The Joint Staff officer was one of several generals who spoke only on the condition of anonymity and said the Marine initiative to supplant the Army in Afghanistan runs counter to the U.S. military’s increasingly joint approach to warfare.

“We’re seeking joint solutions to most of the challenges we face today, to include Afghanistan and Iraq,” he said. “A single service approach? Holy smokes. Why would we ever go back to that way of war fighting, particularly when it doesn’t give you any advantage over your enemy and in fact complicates life tremendously in terms of sorting out how you’re going to support all of this?”

A retired Army general with Afghanistan experience agreed. “The fact that a service would propose somehow that their service would take over a war seems to me to fly in the face of everything that’s been done since Goldwater-Nichols was passed in 1986,” he said, referring to legislation mandating integration of the capabilities of the military services.

However, he said, “there’s going to be a tremendous number of Army soldiers out there, even if, quote unquote, the Marines take over the mission,” because the Marines would have to rely on the Army for support in Afghanistan.

“There are some extraordinarily obvious flaws in this,” the retired Army general said. “The Marines don’t bring any of the infrastructure, logistics, aviation, all of the other enablers that are necessary to fight in this environment successfully.”

The Joint Staff general noted that although the Marine combat formations are organized on deployments into Marine air-ground task forces, or MAGTFs (pronounced mag-taffs), which combine ground maneuver forces with fixed-wing air support. “The MAGTF is not designed to do sustained operations inland without any extensive Army support as well as Navy support,” he said

Marine units are designed to be self-sustaining for up to 30 days in the case of a Marine expeditionary unit and 60 days in the case of a Marine expeditionary brigade, he said. For longer deployments, the Army is obliged “by law” to provide logistical support to the Marines, he added.

An active-duty Army general with recent Afghanistan experience said the Marines lacked much of the equipment that allowed the Army to fight effectively in Afghanistan. For instance, he noted that Marine helicopters are not as capable as those of the Army.

The Marines’ twin-rotor CH-46 is not considered as strong as its Army equivalent, the CH-47 Chinook, a critical factor when operating in the rugged mountainous terrain of eastern Afghanistan.

“If you’re along the [Pakistan] border ... you’d better have the capability to get up around 10,000 feet,” the Army general said. “It’s a tough fight in Afghanistan. ... It’s not a cakewalk by any measure, and if you’re not geared appropriately, it’s even harder.”

The generals also expressed concern that the Marines’ seven-month rotations were ill-suited to the demands of a counterinsurgency campaign in which nurturing relationships with local figures over long periods can be the key to victory. Army units deploy to Afghanistan for at least 15 months.

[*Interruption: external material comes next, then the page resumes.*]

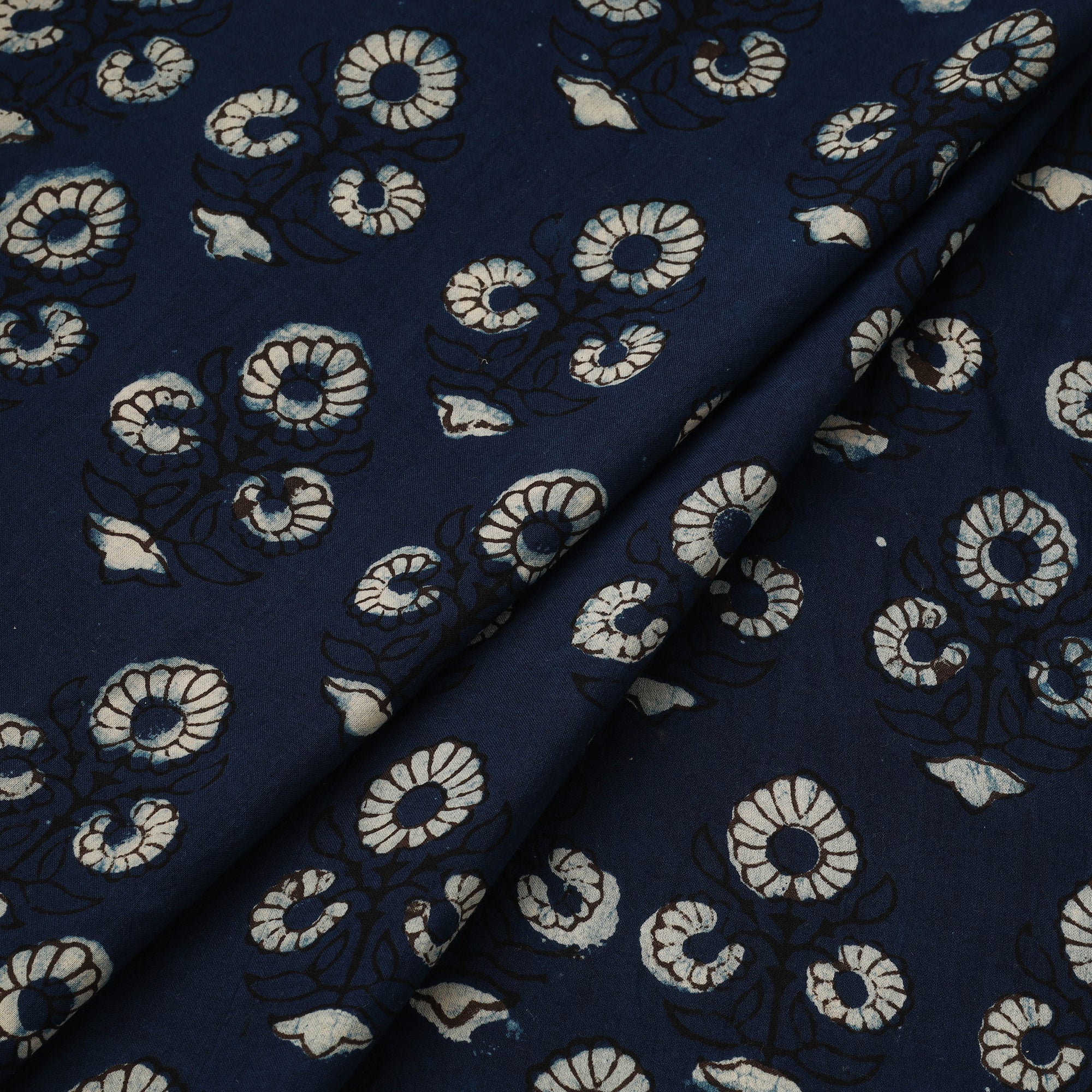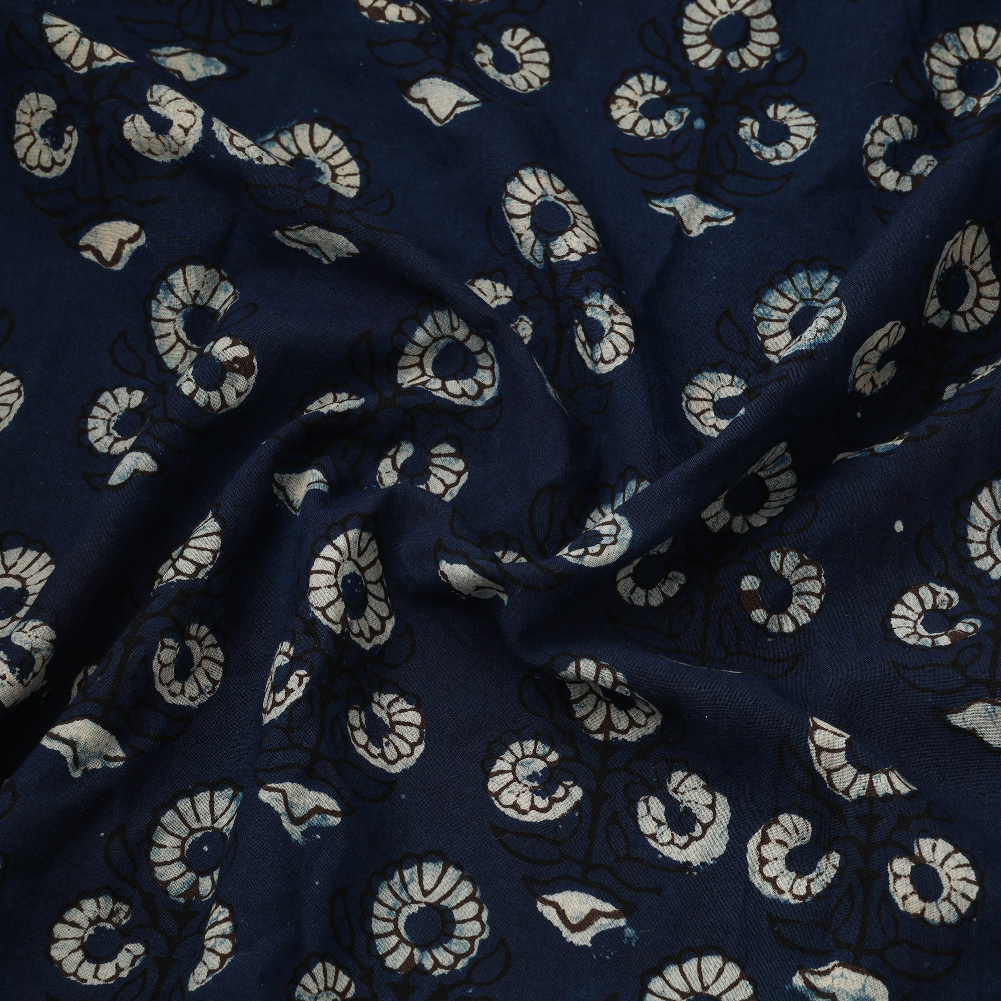 Blue pipad hand block print cotton fabric by Chhipa Yasin Shahabuddin from Rajasthan. Made using the traditional pipad block printing method where artisans hand-carve wooden blocks and print each motif by pressing the block firmly onto the cotton surface. This method gives fabric their distinct look and makes the fabric suitable for anyone who prefers textiles created through practiced printing techniques.

“Marines rotate for seven months,” said the retired Army general. “That’s extraordinarily disruptive in a counterinsurgency campaign. The [Army] brigade that just came out of Afghanistan was there for 16 months.”

“The Afghans, they have the utmost respect for the United States military and they don’t want you to leave,” said the active-duty Army general with recent Afghanistan experience. “If you’re constantly churning at six months or seven months, as the Marines are doing now ... people aren’t going to connect with you, and you’ll lose some of those gains.”

Marine Commandant Gen. James Conway briefly joked about the proposal at a dinner hours after the news reports hit the streets and were generating controversy, but otherwise refused to discuss it.

“Would any of you retirees like to go with us to Afghanistan?” he quipped at the Marine Corps Association’s Ground Awards Dinner in Arlington, Va., where he was the guest speaker.

After the dinner, he declined to discuss the issue with a Military Times reporter.

“It’s premature at this time for me to talk about it,” Conway said. “If there is an appropriate point in time, if certain things happen, we’ll let you know so we can get it out to the Marines.”

Army Gen. Dan McNeill commands NATO’s International Security Assistance Force in Afghanistan, and is the overall commander of U.S. forces in the country, which number about 26,000. But if the Marines provided the bulk of the U.S. combat forces, the Corps might push for one of its own to be given that four-star command slot, according to the retired Army general with Afghanistan experience.

“That’s certainly something that would be out there on the table now, wouldn’t it?” he said. The Joint Staff general agreed. “I’m sure that has entered the equation,” he said.

The generals also took umbrage at the implication in the newspaper stories announcing the Marine initiative that it was the Marines stationed in Iraq’s Anbar province who played the leading role in fostering the “Anbar awakening” that saw local Sunni tribes switch sides and take up arms against al-Qaida in Iraq. They said that much of the credit belonged to Army Col. Sean McFarland and his 1st Brigade, 1st Armored Division.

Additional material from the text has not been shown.